--- What you have to do ---
What is needed is an exact copy of the lines in the entries below from the one holding "TONKATSU BATTER MIX" through the one holding "Fig. 2. Map", pictures excluded.

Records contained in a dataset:
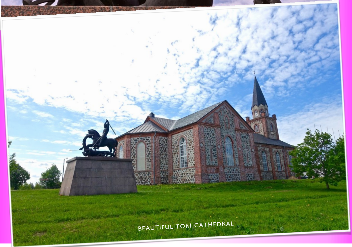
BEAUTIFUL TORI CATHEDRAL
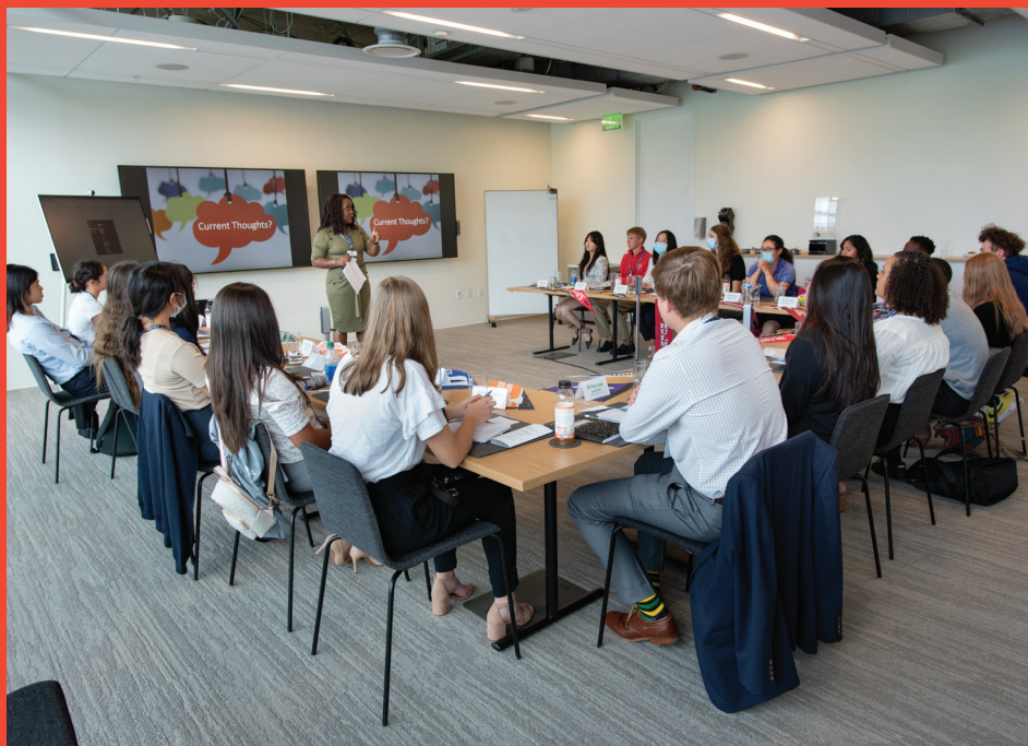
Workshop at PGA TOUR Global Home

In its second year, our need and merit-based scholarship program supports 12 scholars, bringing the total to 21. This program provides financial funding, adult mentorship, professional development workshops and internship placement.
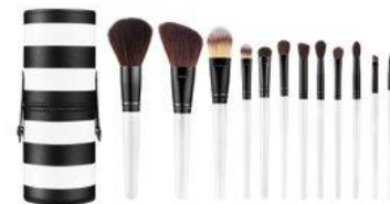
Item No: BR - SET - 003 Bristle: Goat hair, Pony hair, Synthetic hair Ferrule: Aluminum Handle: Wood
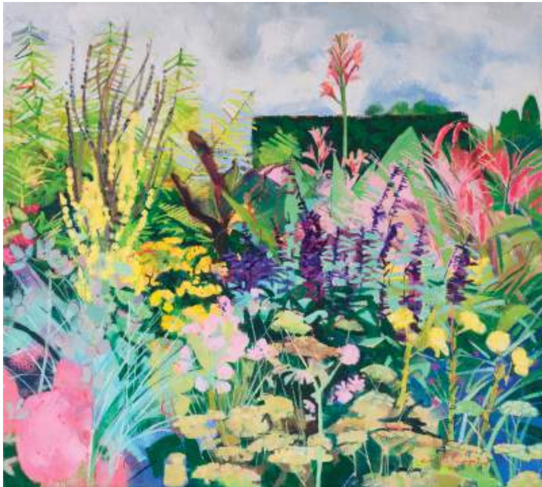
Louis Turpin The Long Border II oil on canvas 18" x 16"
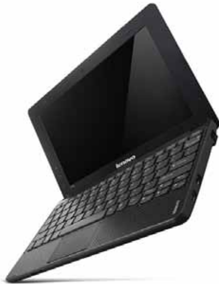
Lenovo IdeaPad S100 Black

...

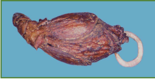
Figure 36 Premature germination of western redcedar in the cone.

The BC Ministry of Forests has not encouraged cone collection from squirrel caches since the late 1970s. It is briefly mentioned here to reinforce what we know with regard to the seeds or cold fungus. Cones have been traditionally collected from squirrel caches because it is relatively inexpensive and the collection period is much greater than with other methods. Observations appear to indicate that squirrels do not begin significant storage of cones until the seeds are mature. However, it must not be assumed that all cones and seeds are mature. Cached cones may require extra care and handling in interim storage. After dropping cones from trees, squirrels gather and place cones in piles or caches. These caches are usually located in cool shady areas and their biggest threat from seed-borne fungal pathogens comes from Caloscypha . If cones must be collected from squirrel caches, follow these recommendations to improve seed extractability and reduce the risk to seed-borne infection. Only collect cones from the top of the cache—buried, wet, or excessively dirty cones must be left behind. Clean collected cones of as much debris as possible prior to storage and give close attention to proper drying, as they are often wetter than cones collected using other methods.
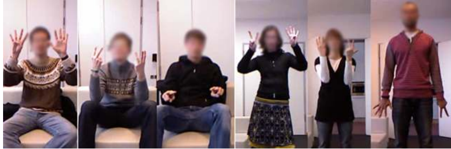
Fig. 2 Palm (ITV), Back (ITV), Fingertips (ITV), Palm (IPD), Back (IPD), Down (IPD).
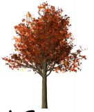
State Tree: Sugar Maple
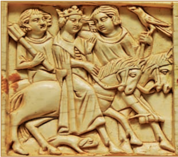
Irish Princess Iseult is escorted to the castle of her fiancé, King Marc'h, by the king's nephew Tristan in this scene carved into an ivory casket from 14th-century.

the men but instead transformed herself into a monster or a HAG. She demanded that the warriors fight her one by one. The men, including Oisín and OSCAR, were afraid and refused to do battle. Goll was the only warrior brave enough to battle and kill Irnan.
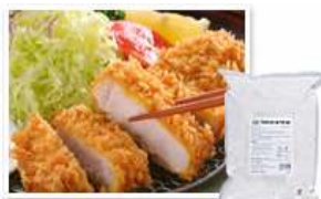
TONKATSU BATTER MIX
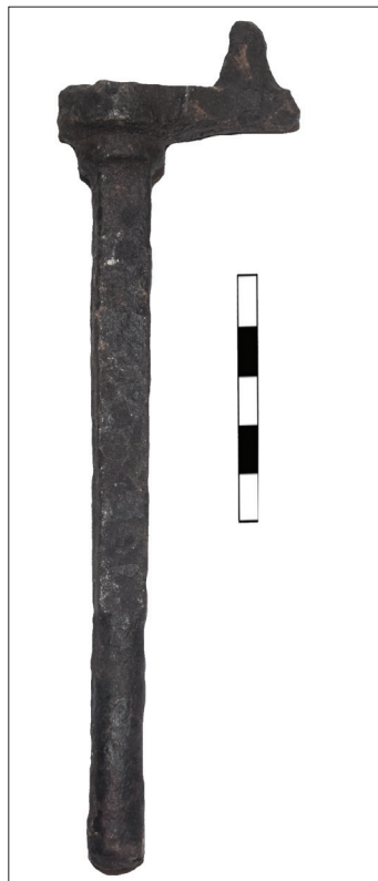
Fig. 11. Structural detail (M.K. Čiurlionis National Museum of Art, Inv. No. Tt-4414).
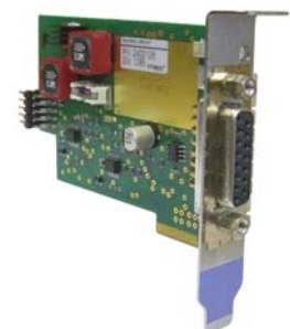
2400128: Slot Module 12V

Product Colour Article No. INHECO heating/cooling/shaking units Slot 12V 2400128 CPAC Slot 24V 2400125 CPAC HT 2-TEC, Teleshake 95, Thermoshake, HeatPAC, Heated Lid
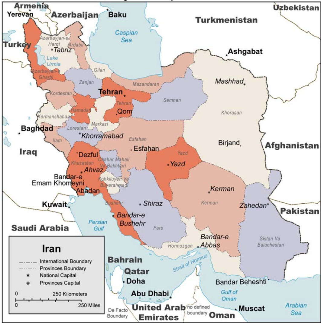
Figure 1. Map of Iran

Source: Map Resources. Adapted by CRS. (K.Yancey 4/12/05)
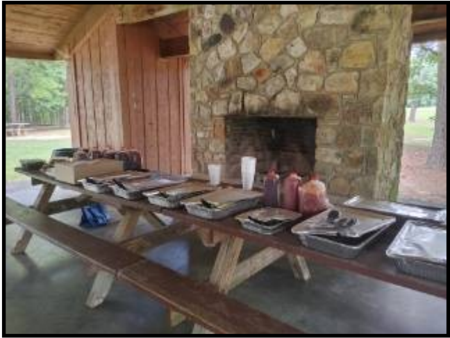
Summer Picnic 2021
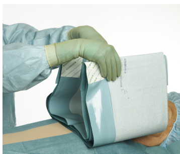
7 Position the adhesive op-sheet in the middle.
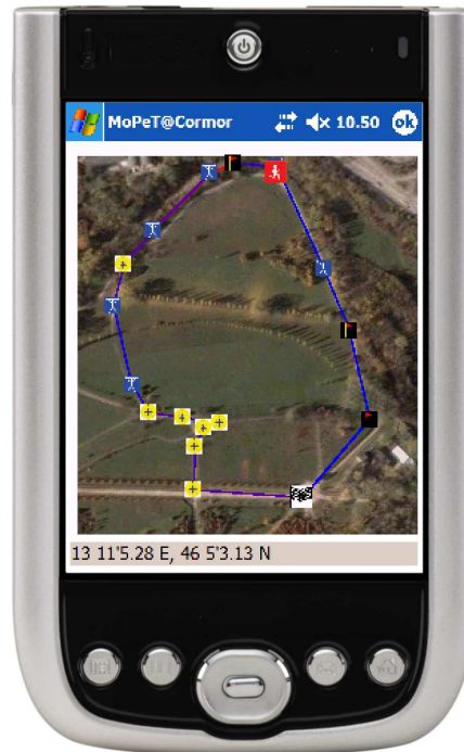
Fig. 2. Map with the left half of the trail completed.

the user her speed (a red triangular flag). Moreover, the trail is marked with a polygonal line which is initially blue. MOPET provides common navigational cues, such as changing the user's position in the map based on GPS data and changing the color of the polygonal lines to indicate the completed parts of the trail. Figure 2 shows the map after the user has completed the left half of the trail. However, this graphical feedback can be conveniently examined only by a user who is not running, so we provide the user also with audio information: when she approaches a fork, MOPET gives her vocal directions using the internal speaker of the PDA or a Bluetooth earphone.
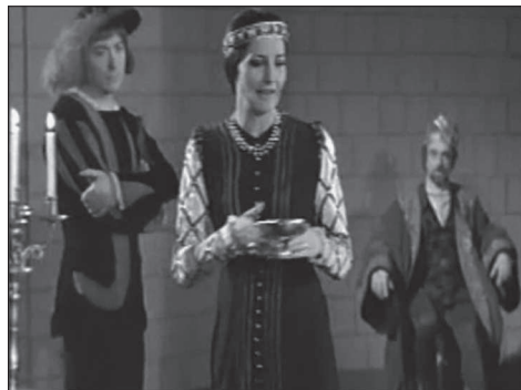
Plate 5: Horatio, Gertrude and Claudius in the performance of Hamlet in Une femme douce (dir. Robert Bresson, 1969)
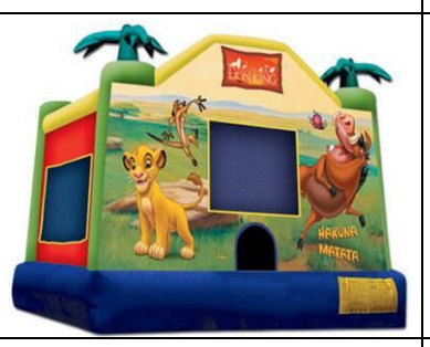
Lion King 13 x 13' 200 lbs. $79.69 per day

* * *

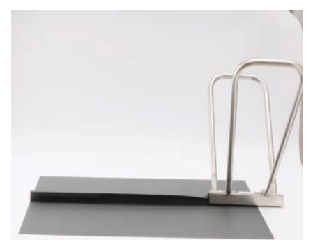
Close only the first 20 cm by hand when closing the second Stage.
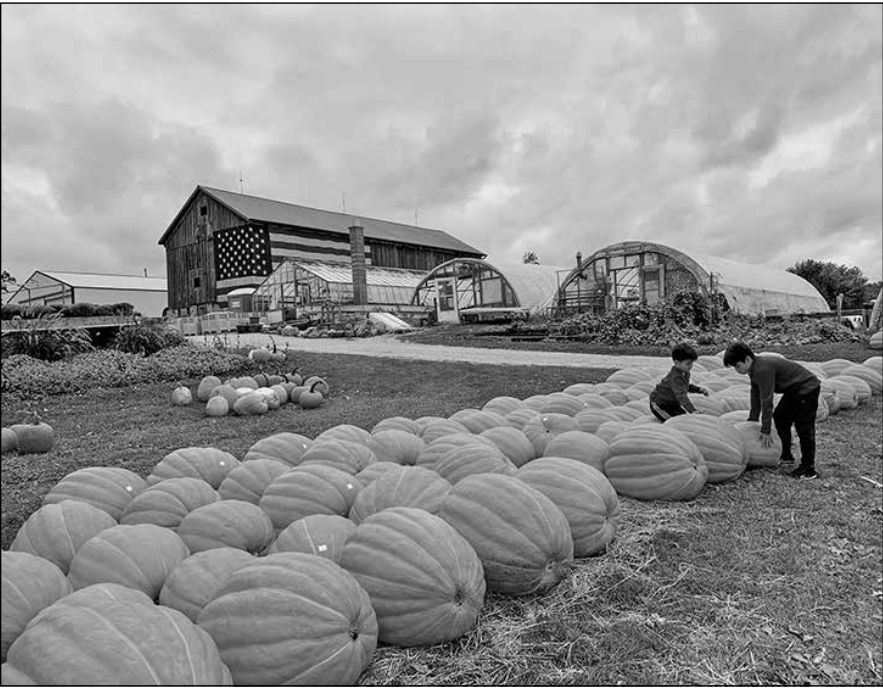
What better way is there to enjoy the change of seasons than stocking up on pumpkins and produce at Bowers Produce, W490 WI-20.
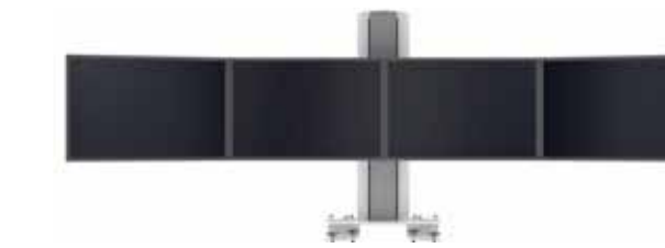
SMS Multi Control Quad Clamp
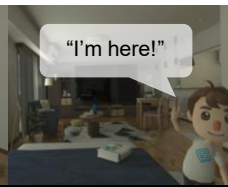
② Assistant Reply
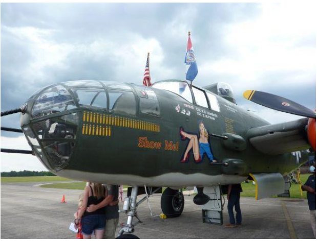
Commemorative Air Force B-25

--- Answer space ---
TONKATSU BATTER MIX
Fig. 11. Structural detail (M.K. Čiurlionis National Museum of Art, Inv. No. Tt-4414).
2400128: Slot Module 12V

Product Colour Article No. INHECO heating/cooling/shaking units Slot 12V 2400128 CPAC Slot 24V 2400125 CPAC HT 2-TEC, Teleshake 95, Thermoshake, HeatPAC, Heated Lid
Figure 1. Map of Iran

Source: Map Resources. Adapted by CRS. (K.Yancey 4/12/05)
Summer Picnic 2021
7 Position the adhesive op-sheet in the middle.
Fig. 2. Map with the left half of the trail completed.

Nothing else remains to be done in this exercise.